FIRST WEEK First 90 Days in NL includes caveat

First 7 Days in NL Checklist

Get the first 7 days in NL checklist.

Updated

Heads up: this covers visa, tax, or legal territory. It is personal experience, not advice. Verify the specifics with your employer, the IND, DMW, Belastingdienst, or a qualified adviser before you act.

Get the first 7 days in NL checklist, the exact admin moves to make in your first week so you are not blocked later.

Who this is for

Filipino devs who just landed in the Netherlands on a job, or who have a start date and a flight booked. You have your visa or residence sticker and you are walking into a brand new country with a long to-do list and jet lag.

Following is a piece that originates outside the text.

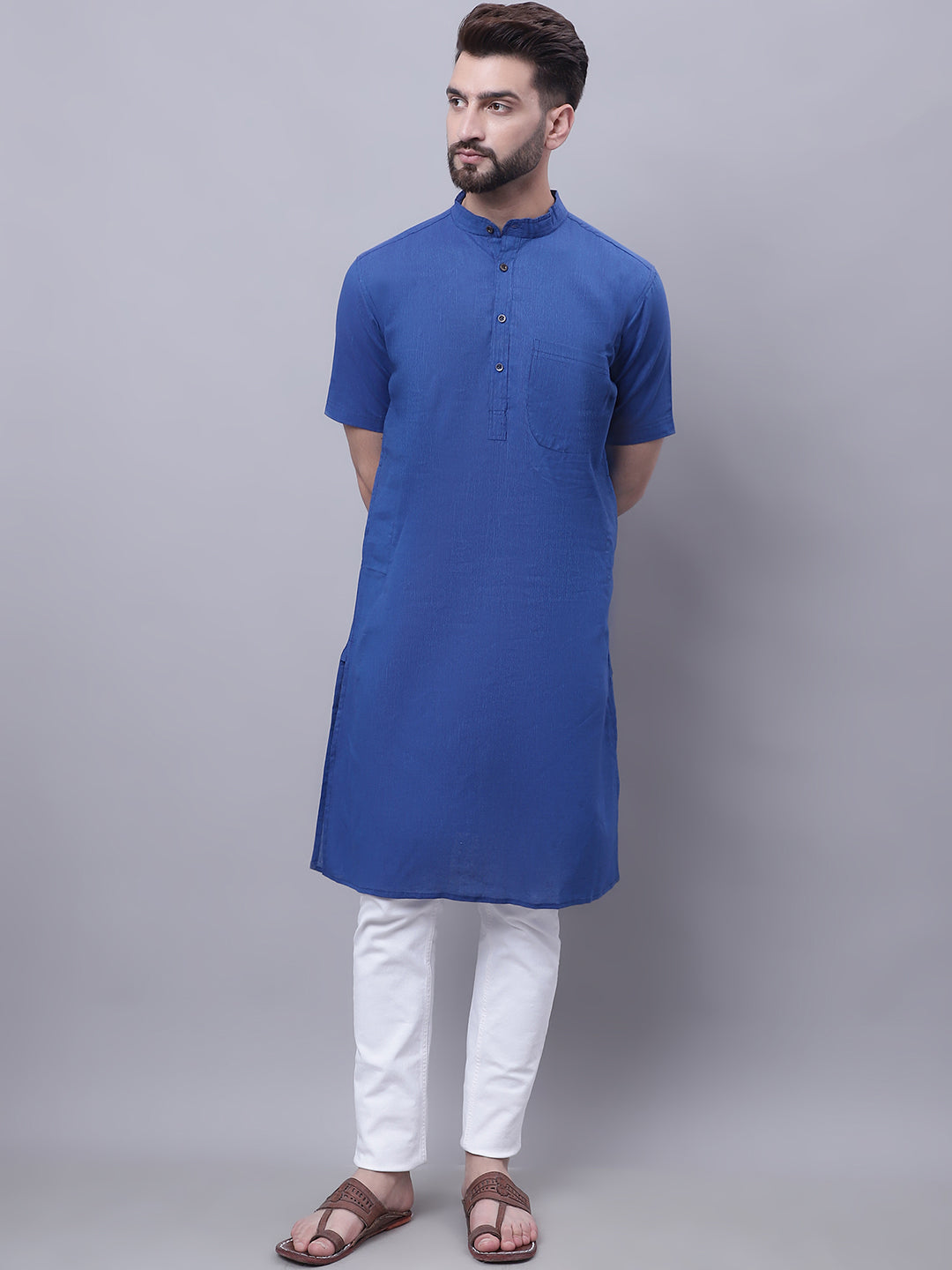 Pure cotton short sleeves kurta with band collar.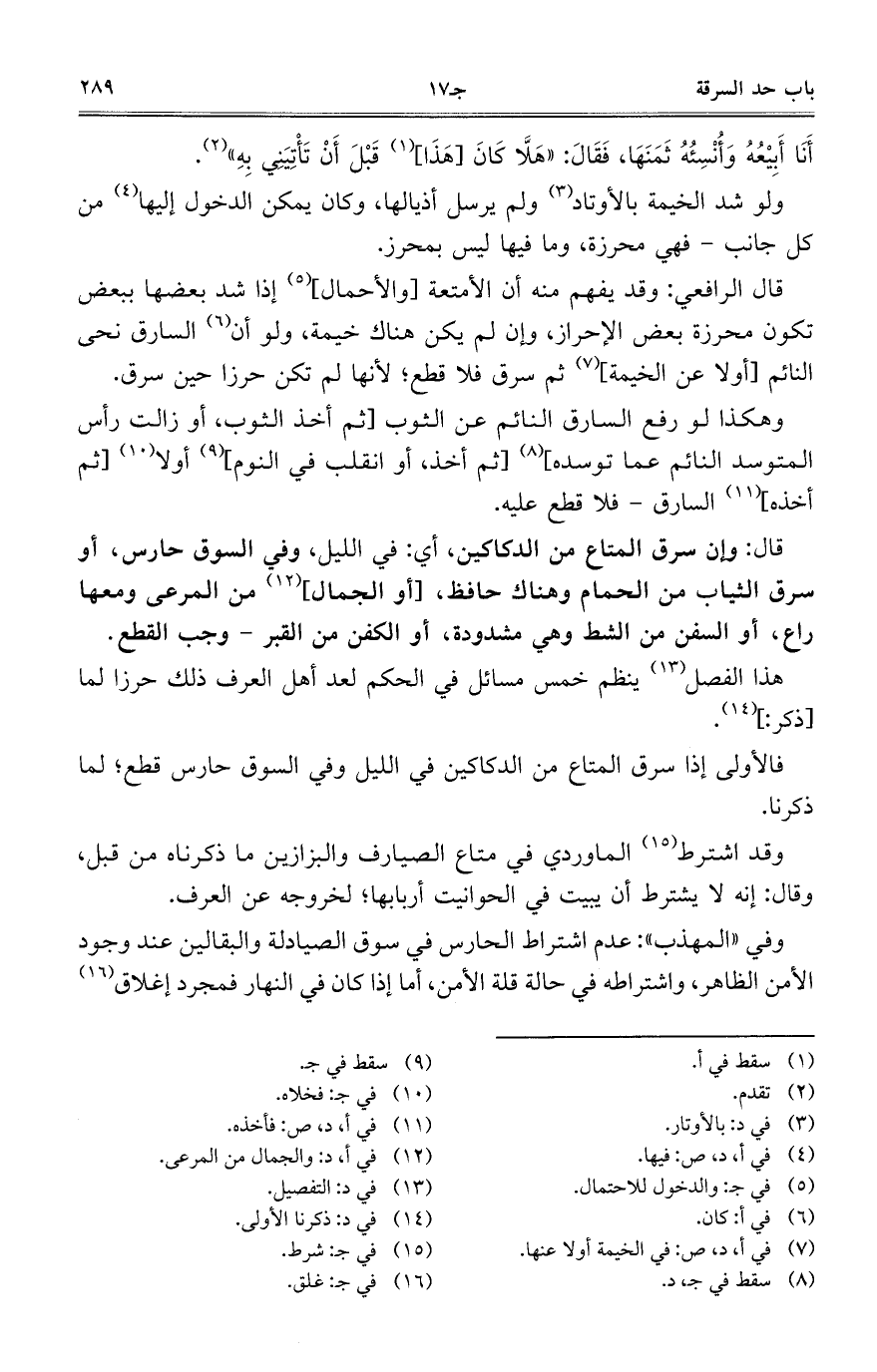 قال الرافعي: وقد يفهم منه أن الأمتعة [والأحمال] إذا شد بعضها ببعض تكون محرزة بعض الإحراز، وإن لم يكن هناك خيمة، ولو أن السارق نحى النائم [أولا عن الخيمة] ثم سرق فلا قطع؛ لأنها لم تكن حرزا حين سرق.

What this helps you decide or do

This tells you what actually needs to happen in week one versus what can wait. A lot of things in NL are chained: you cannot open a proper bank account or get paid cleanly without a BSN, and you cannot get a BSN without registering your address. So the order matters. This list keeps you in the right order.

Quick checklist

  1. Register at your municipality (gemeente) to get your BSN. Book this appointment before you fly if your gemeente lets you, slots fill up. Bring your passport, your rental contract or proof of address, and your PSA birth certificate (commonly asked for, often needs an apostille, so sort the apostille in PH before you leave).
  2. Confirm whether your employer or relocation agency already booked your gemeente appointment. Many recognised sponsors do this for you, so ask before you double book.
  3. Get a Dutch bank account. Some banks let you open one with just your passport and start the BSN step in parallel, others want the BSN first, so check your specific bank. Revolut or bunq can be a fast stopgap in the first days.
  4. Buy a Dutch SIM. A local number unlocks DigiD, bank verification, and most appointment systems. Prepaid from Lebara, Lyca, or Simyo works on day one.
  5. Apply for DigiD once your BSN is active. This is your login for almost every government and health service in NL. The activation code arrives by post, so do this early in the week.
  6. Sort health insurance (zorgverzekering). It is mandatory and you generally have a limited window after registering to arrange it, so do not sit on this. Verify your exact deadline, penalties apply if you are late.
  7. Register with a local GP (huisarts) near your address. Good ones fill up fast in cities, so start calling in week one even if you are not sick.
  8. Get an OV-chipkaart or set up contactless travel (OVpay) so you can use trains, trams, and buses without buying single tickets every time.
  9. Give your employer your BSN and Dutch bank details for payroll, and confirm with HR whether your 30% ruling application is being filed. The 30% ruling still exists, it is changing from 30% to 27% in 2027, so ask HR how that affects you.
  10. Take a photo of your residence permit or visa sticker and store it with your passport, contract, and PSA documents in cloud storage. You will be asked for these repeatedly.

Common mistakes

  • Trying to open a bank account or start a job before getting the BSN, then getting stuck. Address registration first, then BSN, then the rest.
  • Booking the gemeente appointment after arrival and waiting two or three weeks for a slot. Book ahead.
  • Arriving without an apostilled PSA birth certificate and finding out the gemeente wants it. Handle the apostille while you are still in PH.
  • Ignoring health insurance in week one and missing the registration window.
  • Assuming the peso conversion in your head with an old rate. As of June 2026, one euro is roughly 69 to 70 pesos, so budget your first month with that in mind.

What to verify

  • Your exact gemeente registration requirements and whether an appointment is needed, on your municipality’s website.
  • Your health insurance registration deadline and any penalty, with the insurer or your employer.
  • Whether your employer is handling the gemeente booking and the 30% ruling filing, with HR.
  • Whether your bank needs the BSN first, with the specific bank.

Jake note

When I landed I underestimated how everything depends on the BSN. I wish someone had told me to book the gemeente appointment before my flight. Do that one thing early and the rest of the week gets a lot calmer.